Fig. 1: Schematic showing possible strategies for targeting CAFs and overcoming CAF-mediated T-cell exclusion from tumours.
figure 1

Strategies include inhibiting CAF differentiation (TGF-β & Shh inhibitors) reverting CAF to a more ‘normal’ phenoype (NOX4 inhibitors, vitamin D agonists) or inhibition CAF function (CXCR4/CXCL12 inhibitors).

Identifying targetable mechanisms by which CAFs modulate tumour-immune evasion is also a potential therapeutic strategy (Fig. 1). CXCL12 expression by CAFs has been shown to mediate immunotherapy resistance and T-cell exclusion. CXCR4 (CXCL12 receptor) inhibition using a clinically approved inhibitor (AMD3100) has been shown to increase intratumoural T-cell accumulation and response to checkpoint inhibition in models of pancreatic and breast cancer.1,11 We found that CAFs induce CTLA-4 upregulation in CD8 T cells, and that blocking CTLA-4 with a non-depleting antibody (i.e. not decreasing T regs) overcomes CAF-mediated T-cell exclusion, without affecting CAF levels.3 CTLA-4 has been shown to modulate T-cell adhesion and migration, and therefore blocking CTLA-4-mediated adhesion may improve T-cell trafficking into excluded CAF-rich tumours.

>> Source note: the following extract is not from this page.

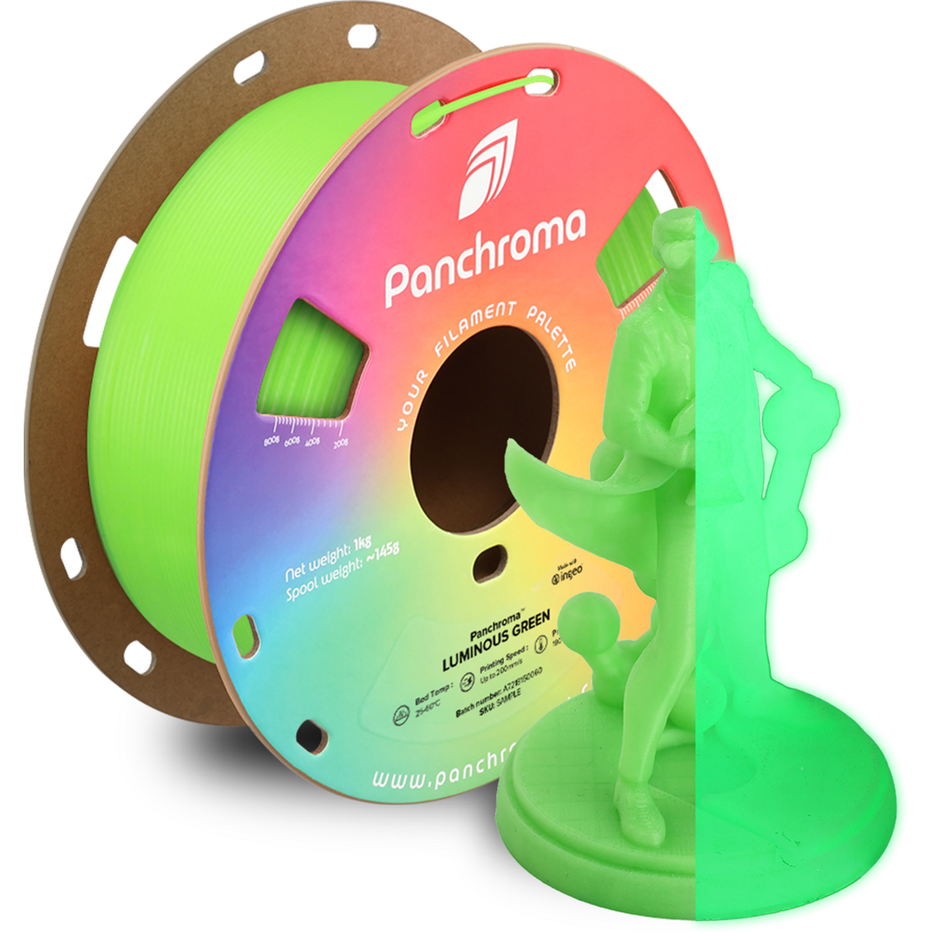 Polymaker's Panchroma? Luminous PLA not only brings out a unique colour in daylight, but also glows in a similar shade in the dark. The special composition of Luminous PLA creates a fascinating glow effect that puts your creations in the spotlight and gives them a distinctive look.

Further work in this area is required.

In summary, CAF-rich tumours are clinically aggressive and respond poorly to immunotherapy, at least in part because of T-cell exclusion. Overcoming CAF-mediated immune evasion is a major challenge as the success of most immunotherapies is dependent on CD8+ T-cell-infiltrating tumours. We have shown that NOX4 inhibition using GKT137831 can revert myofibroblastic CAFs to a ‘normalised’ phenotype. A significant proportion of solid cancers are CAF-rich, and combining NOX4 inhibition with immunotherapy could improve clinical outcome in these tumours. Notably, GKT137831 is an oral drug with an excellent safety profile developed as an anti-fibrotic (NCT03226067 and NCT02010242). Its use for cancer therapy has not been considered but may be considerable.